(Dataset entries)
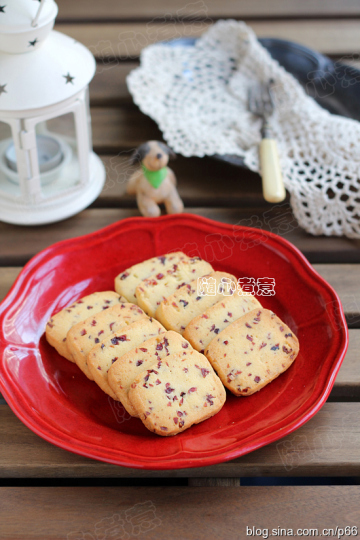 1.原料::低筋面粉115克,鸡蛋液15ml,黄油75克,糖粉60克,蔓越莓干35克。 烘焙:165度,中层,约20分钟,至表面微金黄色。
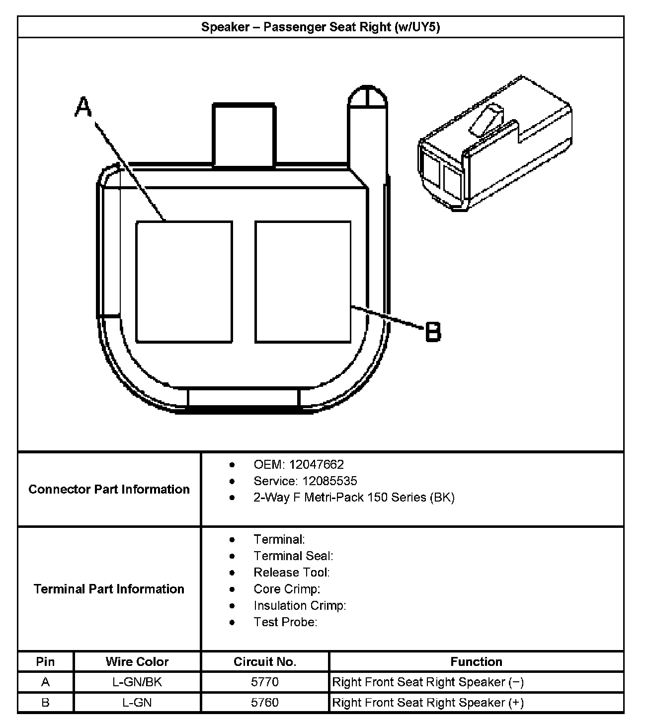 Speaker - Passenger Seat Right (With RPO Code UY5):
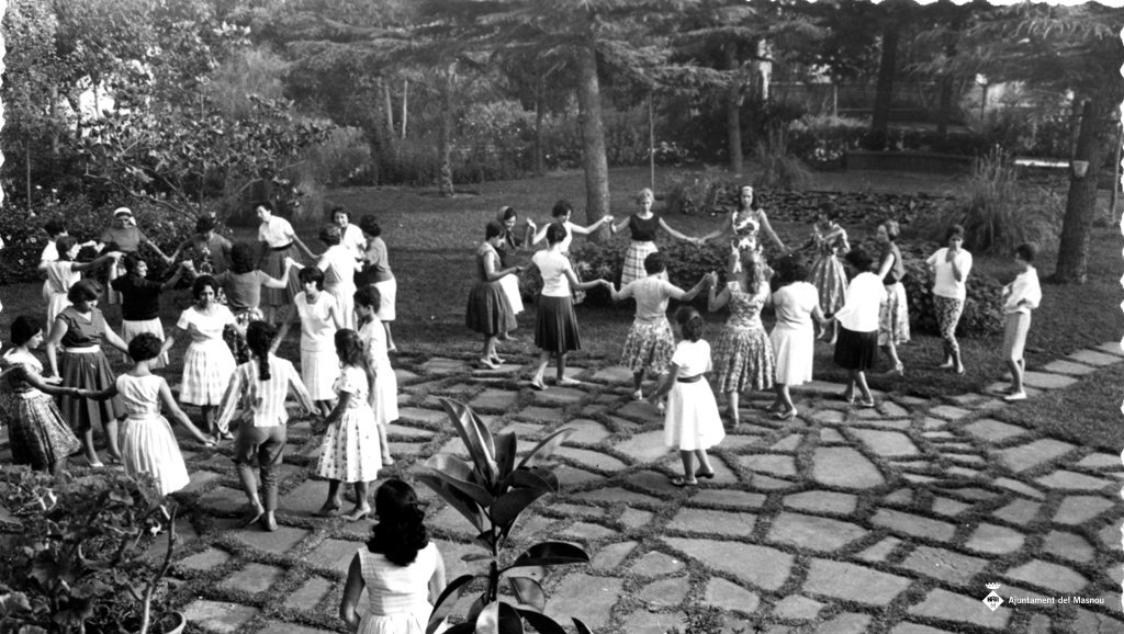 Grup de dones de la Sección Femenina ballant sardanes als jardins de l'Alberg.
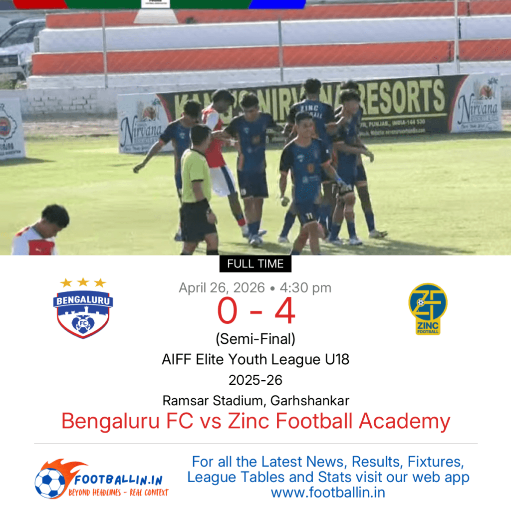 League Table • Results & Fixtures • Top Scorers Zinc Football Academy defeated Bengaluru FC 4-0 and storm into Final, on Apr 26, 2026 in the Semi-Final of the AIFF Elite Youth League U18 at Ramsar Stadium, Garhshankar, in a one-sided demolition. Yash Sahani in the 13’, Ashish Chetry in the 34’, Himanshu in the […]
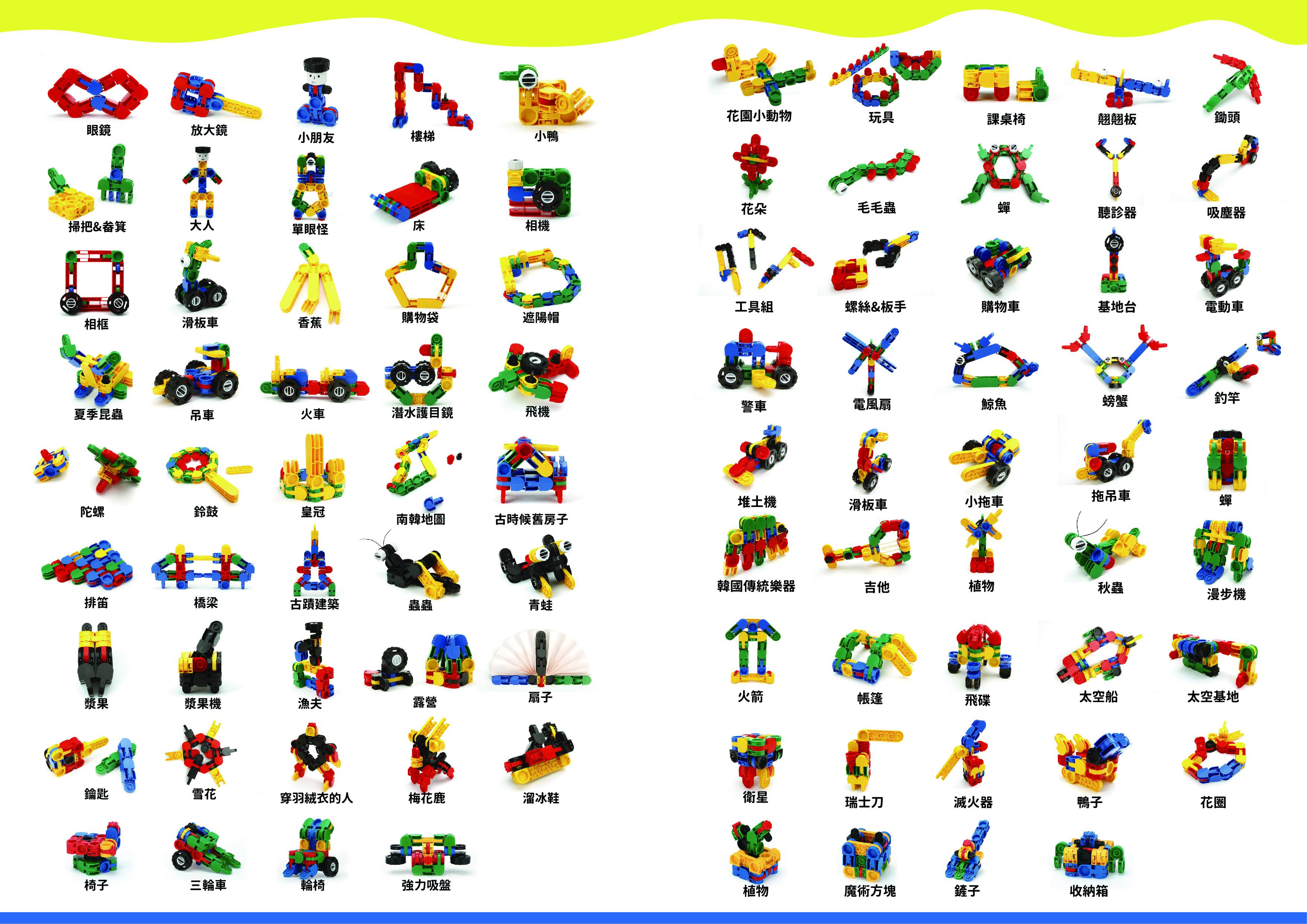 每一個小單盒都會附一張說明書,說明書上會介紹3~4種不同造型的組裝教學。積木片數越多,能組裝的造型就越豐富!
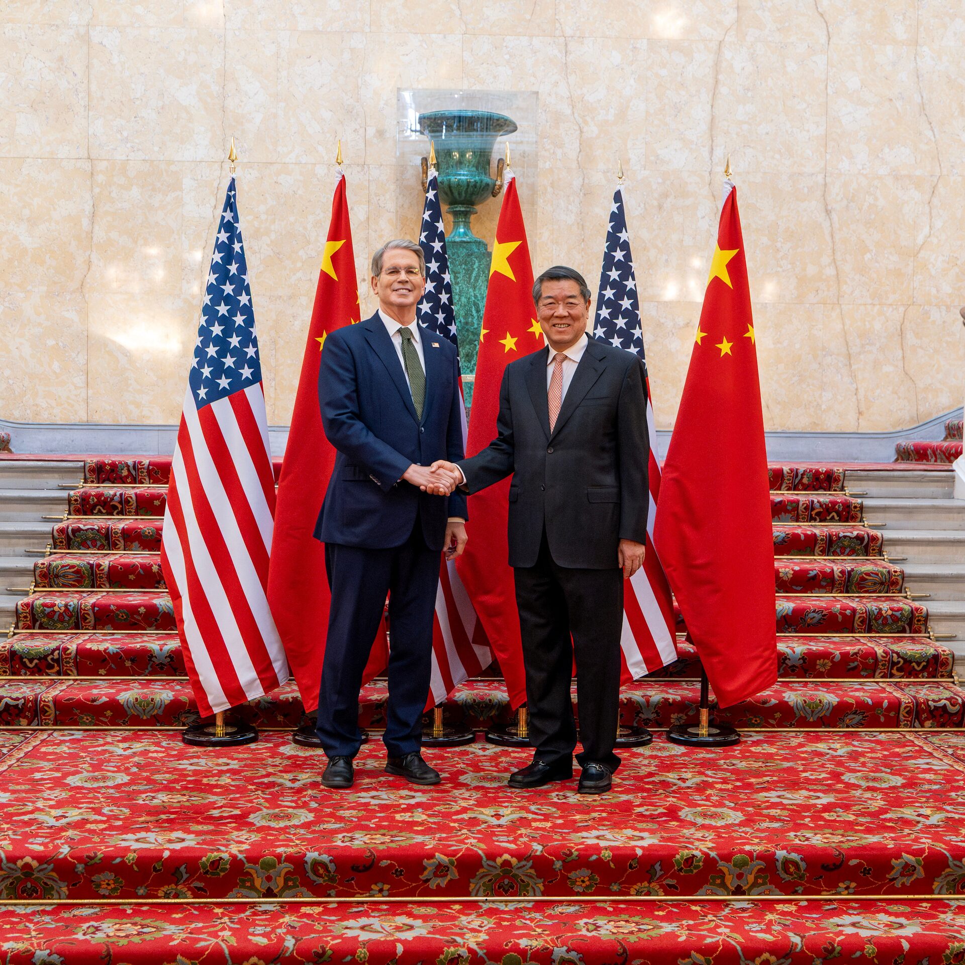 بحث نائب رئيس الوزراء الصيني خه لي فنغ، في اتصال هاتفي اليوم، مع وزير الخزانة الأمريكي سكوت بيسنت والممثل التجاري الأمريكي جاميسون جرير، قضايا التجارة الثنائية والجهود الجارية لتنفيذ اتفاق خفض التصعيد في الحرب التجارية بين البلدين.
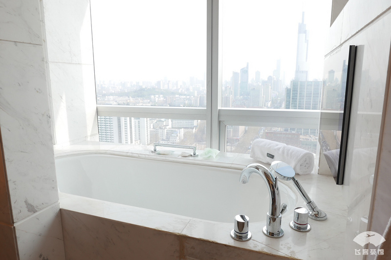 进到房间后,还是惊喜一下,完全超乎预期。看房型图,一层楼大概两间套房,在走廊最末尾相邻。我是10房型,看了论坛另一种套房房型,我认为更合理。首先厅比较方正,不像另一个房型,厅中间有个大圆柱。其次房间是270度角房景观,拉开窗帘后景观非常好。厅和房间都是正对玄武湖,视野开阔。正对玄武湖好像只有这两种套房房型,其他房型应该只能侧看湖景。再次,浴缸位置也非常有感觉,正对繁华城景主干道,黄昏时刚入夜时,对着城景泡个澡,很有感觉。当然,隐私性需要注意一下。

◆ **Your goal**: Copy each entry exactly as written. Images should not appear in the copy.

◆ **Completed task**:
 1.原料::低筋面粉115克,鸡蛋液15ml,黄油75克,糖粉60克,蔓越莓干35克。 烘焙:165度,中层,约20分钟,至表面微金黄色。
 Speaker - Passenger Seat Right (With RPO Code UY5):
 Grup de dones de la Sección Femenina ballant sardanes als jardins de l'Alberg.
 League Table • Results & Fixtures • Top Scorers Zinc Football Academy defeated Bengaluru FC 4-0 and storm into Final, on Apr 26, 2026 in the Semi-Final of the AIFF Elite Youth League U18 at Ramsar Stadium, Garhshankar, in a one-sided demolition. Yash Sahani in the 13’, Ashish Chetry in the 34’, Himanshu in the […]
 每一個小單盒都會附一張說明書,說明書上會介紹3~4種不同造型的組裝教學。積木片數越多,能組裝的造型就越豐富!
 بحث نائب رئيس الوزراء الصيني خه لي فنغ، في اتصال هاتفي اليوم، مع وزير الخزانة الأمريكي سكوت بيسنت والممثل التجاري الأمريكي جاميسون جرير، قضايا التجارة الثنائية والجهود الجارية لتنفيذ اتفاق خفض التصعيد في الحرب التجارية بين البلدين.
 进到房间后,还是惊喜一下,完全超乎预期。看房型图,一层楼大概两间套房,在走廊最末尾相邻。我是10房型,看了论坛另一种套房房型,我认为更合理。首先厅比较方正,不像另一个房型,厅中间有个大圆柱。其次房间是270度角房景观,拉开窗帘后景观非常好。厅和房间都是正对玄武湖,视野开阔。正对玄武湖好像只有这两种套房房型,其他房型应该只能侧看湖景。再次,浴缸位置也非常有感觉,正对繁华城景主干道,黄昏时刚入夜时,对着城景泡个澡,很有感觉。当然,隐私性需要注意一下。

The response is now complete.